* [Material provided]:
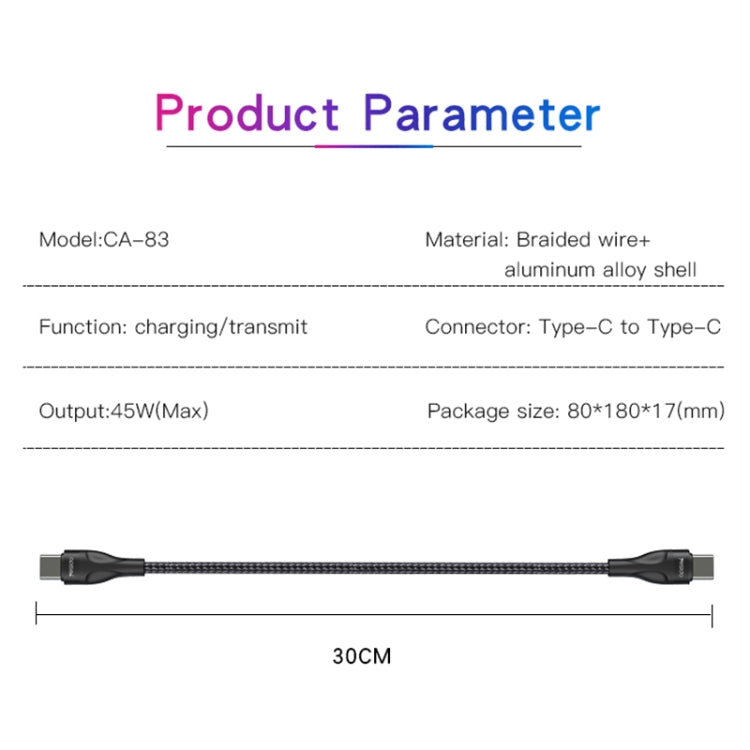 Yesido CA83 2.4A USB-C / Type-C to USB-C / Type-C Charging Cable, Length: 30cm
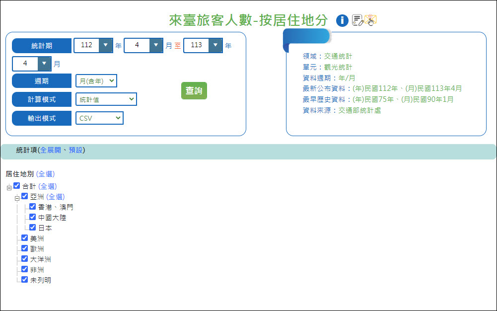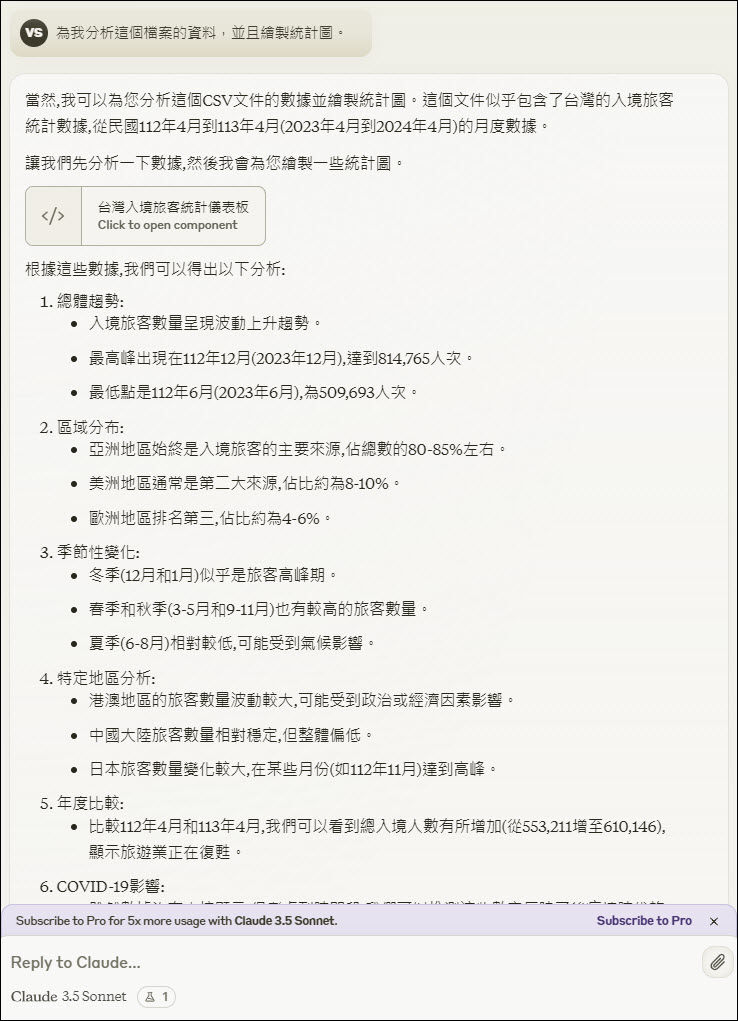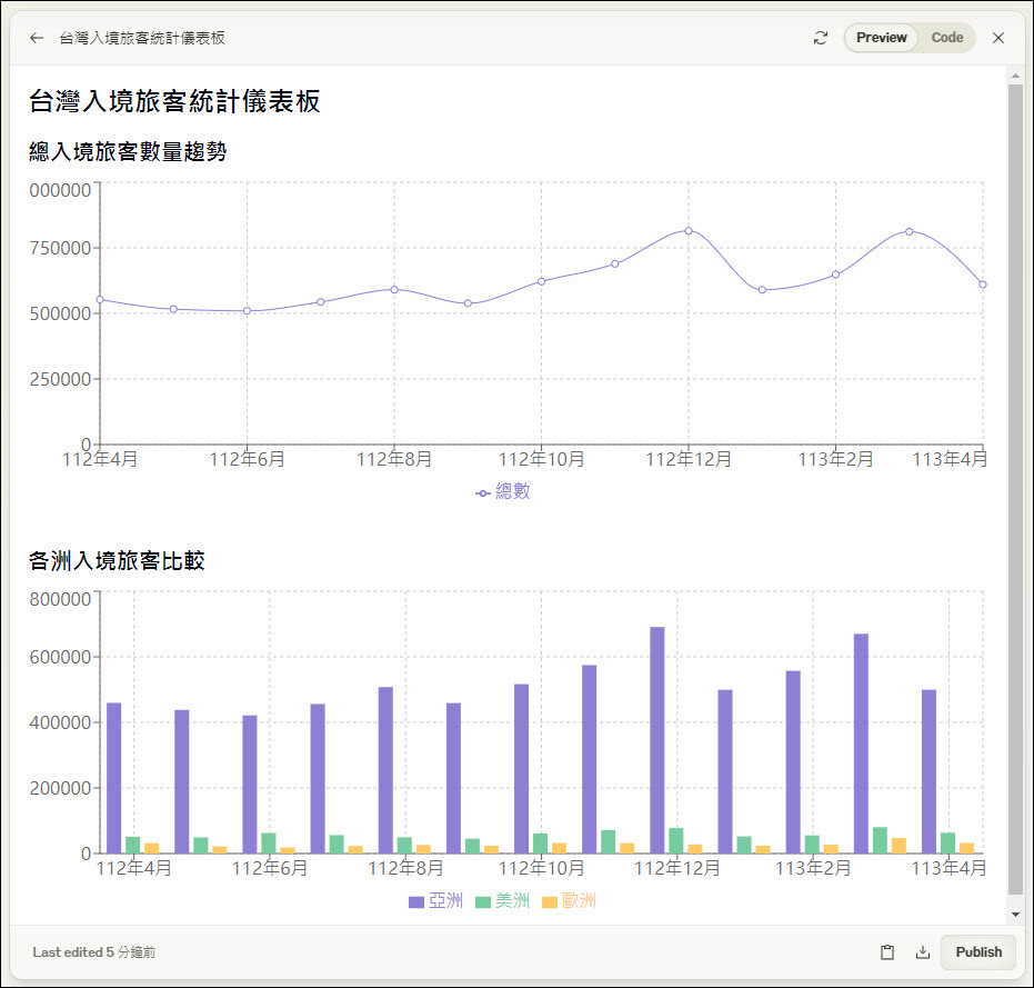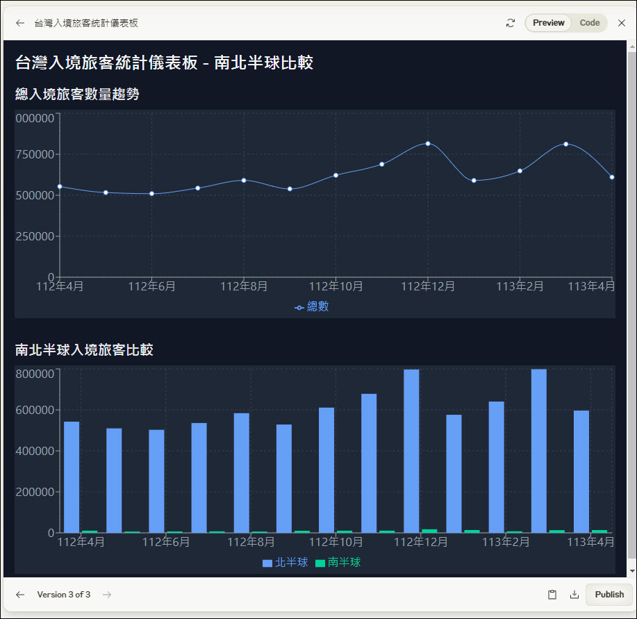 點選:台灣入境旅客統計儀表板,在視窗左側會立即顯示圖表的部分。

...

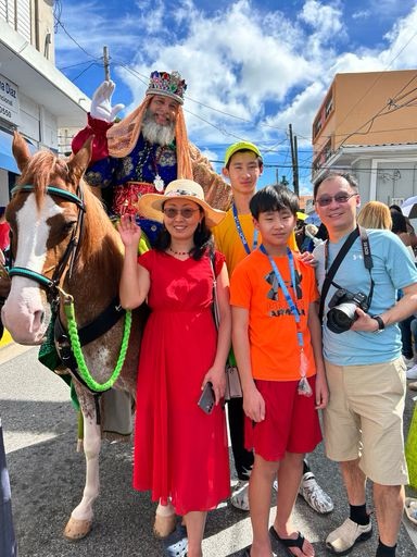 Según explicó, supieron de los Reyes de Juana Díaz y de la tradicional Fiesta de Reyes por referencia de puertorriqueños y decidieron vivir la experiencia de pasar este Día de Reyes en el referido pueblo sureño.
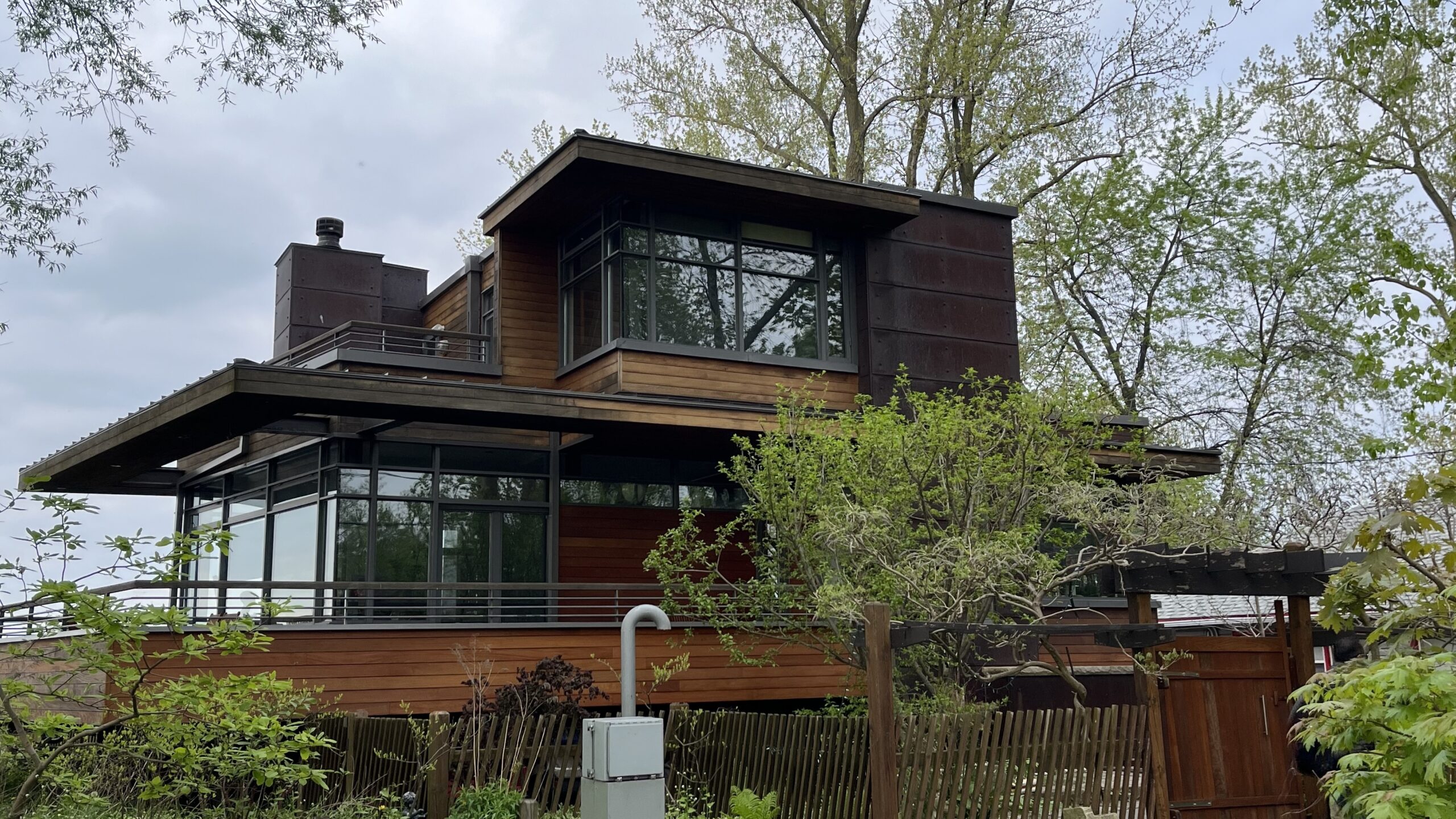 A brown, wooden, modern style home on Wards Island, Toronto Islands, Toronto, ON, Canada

* [Aim of the task]:
Only one part of the material above is wanted: the lines from the one with "Yesido CA83 2.4A" up to and including the one with "點選:台灣入境旅客統計儀表板,在視窗左側會立即顯示圖表的部分。". Please copy them exactly, pictures left out.

* [Task answer]:
 Yesido CA83 2.4A USB-C / Type-C to USB-C / Type-C Charging Cable, Length: 30cm
 點選:台灣入境旅客統計儀表板,在視窗左側會立即顯示圖表的部分。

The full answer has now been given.